Is your pharmacy ready for the new Health Insurance Portability and Accountability Act (HIPAA) Omnibus Rules? New privacy rules took effect in March, 2013, and enforcement begins in September.
“All of the familiar rules surrounding health information and individual patient information have changed,” said HIPAA consultant Jeff Hedges, CDME, president and CEO of RJ Hedges & Associates. “Every pharmacy in the country is subject to new requirements for protected health information, network and password security, law enforcement, patient rights and protections, policies and protocols, the handling of information breaches, new business associate agreements, and more. Enforcement begins on September 23.”
Hedges explained the new HIPAA rules during a webinar sponsored by Pharmacy Development Services.
Privacy practices posted
All pharmacies must have a new and revised Notice of Privacy Practices (NOPP) posted in a public area and on websites no later than September 23, he said. All patients must be given a copy of the new NOPP and asked to sign the new notice, although signature is not required.
All of the basic definitions used in privacy regulations have changed. So have the rules that govern access to records, restrictions on protected health information, confidential communications of protected health information, and accounting for disclosures of protected health information.
Requirements to safeguard health information have been strengthened. So have reporting requirements for breaches that compromise the security or privacy of protected health information.
“A breach is anyone getting patient information who is not authorized to get it,” Hedges said. “It doesn’t matter if the information is stolen, if your computer is hacked, or if a patient discards packaging that has their name or other protected health information on it. If there is a breach, you have a duty to notify the patients affected, the federal government, and maybe your local media.”
Report privacy breaches
Every breach must be reported directly to the patient or patients involved, he explained. The Department of Health and Human Services (DHHS) must also be notified of every breach with an action plan to prevent similar breaches in the future. Fewer than 500 breaches can be reported in a batch not later than the end of February the year after the breaches become known.
If more than 500 patients are involved, DHHS must be notified immediately as well as major local media outlets, including newspapers, radio, and television.
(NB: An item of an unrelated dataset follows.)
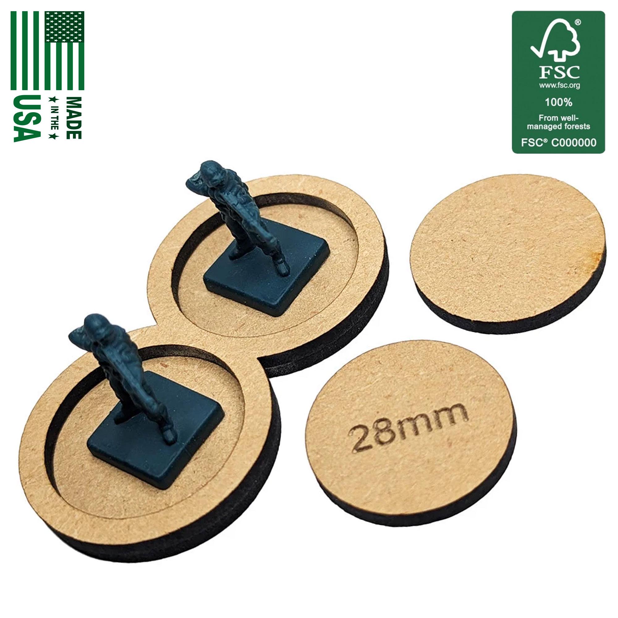This TWO Unit MDF movement tray is designed to hold TWO 28mm round bases with rounded ends and are ideal for miniatures, war or board gaming.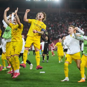 Bodo/Glimt players celebrate their qualification to the next phase after the end of the Europa League round of 16 second leg soccer match between Olympiacos FC and FK Bodo/Glimt at…

“It is not going to help your image to be on the six o’clock news explaining why you lost patient data,” Hedges said. “Giving the wrong script to the wrong patient is a breach. Your clerks have to be aware that they are responsible. Personally responsible.”
Many of the new HIPAA rules are designed to avoid breaches. Computer networks must be secured and protected by passwords. Every user must have an individual password, and all passwords must be changed at least every 180 days.
Wireless routers and network access points are a weak link in many networks, he added. Every router and access point must be password protected. USB devices are another potential danger because they can be used to download and store health information that should be protected. Point-of-sale electronics and credit card devices that capture and store patient names, Rx numbers, and sales data can also be the source of unintended breaches. Disgruntled or former employees can also disclose protected information.
The person who causes the breach can be held personally responsible, Hedges said. The federal government is interested primarily in what steps are taken to minimize risks. That means when a breach is reported, the pharmacy must also report steps taken to prevent future risks. If officials are satisfied, there may be no fines involved. But not acting on a breach brings a $1.5 million fine for each occurrence.
“The consequences of breaching health information are a real threat to all healthcare providers,” Hedges said. “Your liability insurance does not cover these fines, and bankruptcy does not relieve you of the debt.”